For many independent hotels, the risks of overbooking are just too high. But that doesn’t mean you have no options. The first thing you can do to mitigate the damage of cancellations and no-shows is to include a fee in your cancellation policy and take credit card information upon booking. Not only is this an incentive to commit to a reservation (likely reducing no-shows and cancellations overall), but it means when a guest does choose to cancel, less damage is done to your bottom line. Check out our recent post for more strategies to deal with no-shows and cancellations.
All that being said, you should always have a prepared strategy for dealing with over-bookings. When you find yourself with more guests than rooms, you’ll need to choose which guest to walk (consider the loyalty of—and revenue being brought in by—each guest), find alternate lodging for them, and then do something to make amends (perhaps a free meal at your on-site restaurant).
Unlike over-bookings, double bookings are never intentional, but rather due to errors made in inventory management. Hotels need to sell their inventory on a collection of distribution channels (their property’s website, numerous online travel agencies, and the Global Distribution System, for example) in order to maximize occupancy. But if inventory isn’t updated in real time, the same room could be sold by multiple distribution channels.

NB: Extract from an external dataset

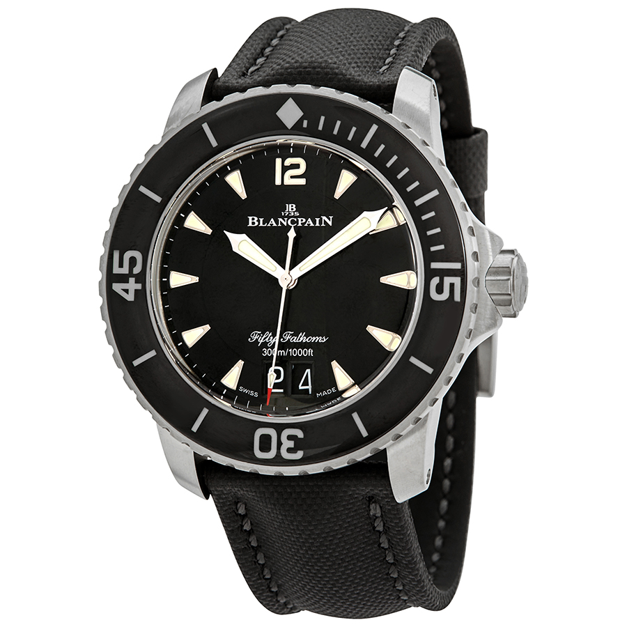 Grey brushed titanium case with a black fabric strap. Uni-directional rotating coin edge grey titanium bezel with a black ceramic (count-up elapsed time) top ring. Black dial with luminous silver-tone hands and index hour markers. Arabic numeral appears at the 12 o'clock position. Minute markers around the outer rim. Dial Type: Analog. Luminescent hands and markers. Date display at the 6 o'clock position. Blancpain Calibre 6918B Automatic movement, containing 44 Jewels, bitting at 28800 vph, and has a power reserve of approximately 120 hours. Scratch resistant sapphire crystal. Screw down crown. Transparent case back. Round case shape, case size: 45 mm, case thickness: 16.27 mm. Band width: 23 mm. Tang clasp. Water resistant at 300 meters / 1000 feet. Functions: big date, hour, minute, second. Additional Info: n05050o12b030nb52a. Fifty Fathoms Series. Dive watch style. Watch label: Swiss Made. Blancpain Fifty Fathoms Grande Date Automatic Black Dial Mens Watch 5050-12B30-B52A.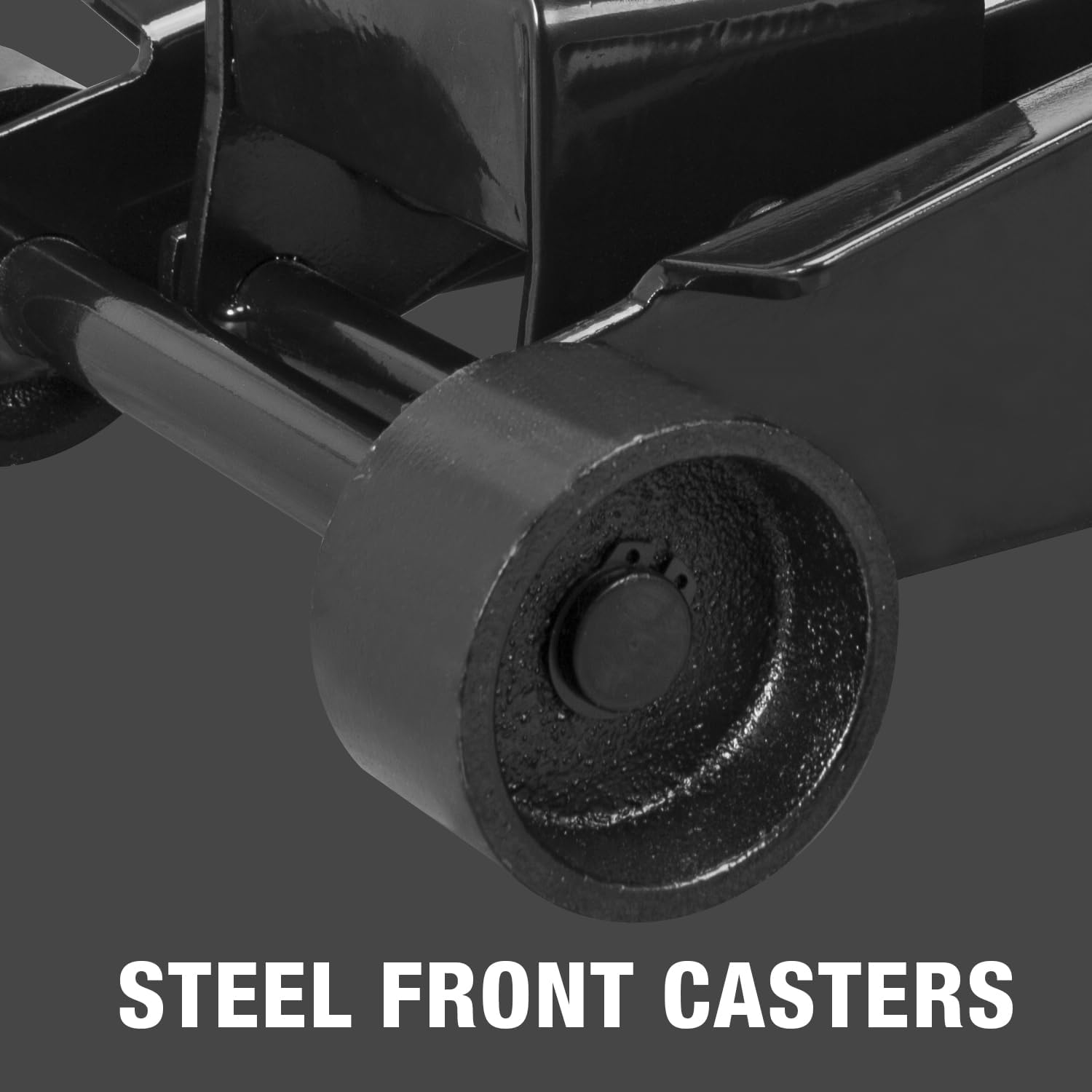 - 4 Wheels and A Long Detachable Handle: Equipped with two steel front casters, two 360 degree rear casters and a long detachable handle, so that the floor jack can move freely and fixed in a certain position to work.

Obviously, it isn’t reasonable for a hotelier to update all channels as new reservations come in. It’s a time-intensive process prone to manual errors. That’s where technology comes into play. Having a property management system that interfaces with all your distribution channels means inventory is updated automatically across all systems, vastly reducing the possibility of a double booking (and all the headaches that come with it).

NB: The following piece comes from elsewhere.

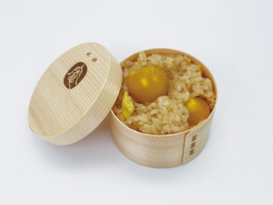 看板商品の“竈出汁(おくどだし)”でもち米と栗を炊き込んだ、もちもちのおこわです。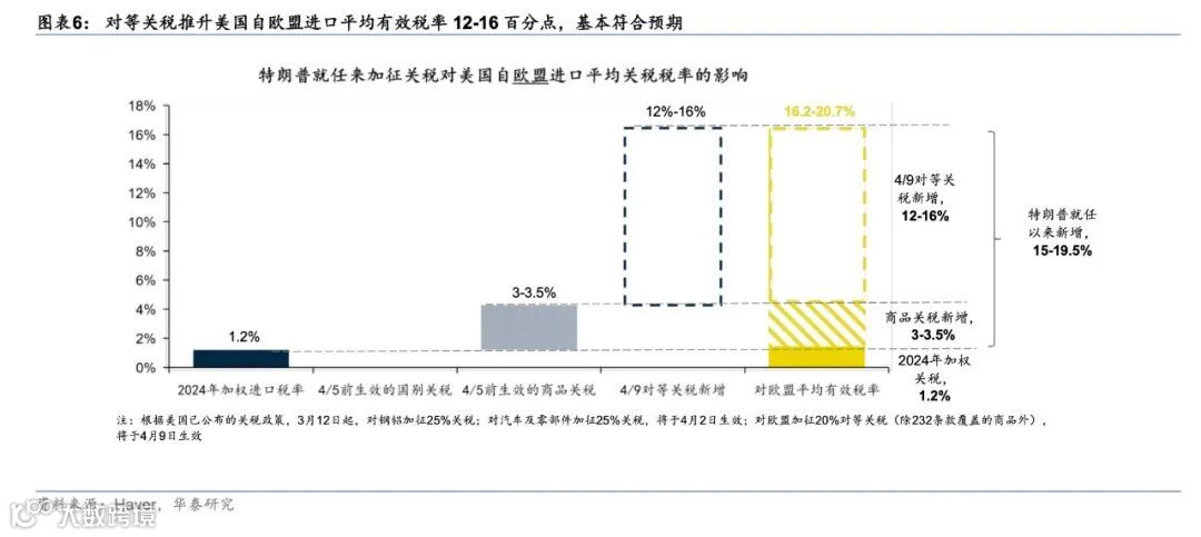 4. 美国对欧洲加征20%的对等关税,符合我们的预期及计算公式。虽然税率相比其他不算最高,但因为欧盟是美国第一大贸易伙伴,也将产生较大的收缩性影响和效率损失。如我们在《“对等”关税:几点预判和量化分析》,2025/3/31中分析,欧盟可能是对等关税的最大加征目标,预计美国对欧盟进口商品的关税可能达到15-25%。据公布的对等关税税率,预计本次加征对等关税推升美国自欧盟进口平均有效税率12-16百分点,加上此前的商品关税美国自欧盟进口平均有效税率或上升至16.2-20.7%(图表6)。

Some hoteliers try to reduce double-bookings by allocating separate inventory for each distribution channel. While this does eliminate the potential to sell the same room twice, it can also easily result in unnecessarily vacant units. One channel could sell all of their allocated inventory and start turning customers away while other inventory is sitting unsold on another platform. It’s not a recommended practice and luckily one that can be avoided with a pooled inventory model (all units available to be sold by all channels at the same time) and PMS-to-distribution channel interfaces (to reduce risk).
Reservation management can be tough. The task of balancing the need to fill rooms and the desire to provide a flawless customer experience is a delicate one. Make your life simpler by ensuring you have a property management system that takes credit card information at booking and interfaces with all your distribution channels.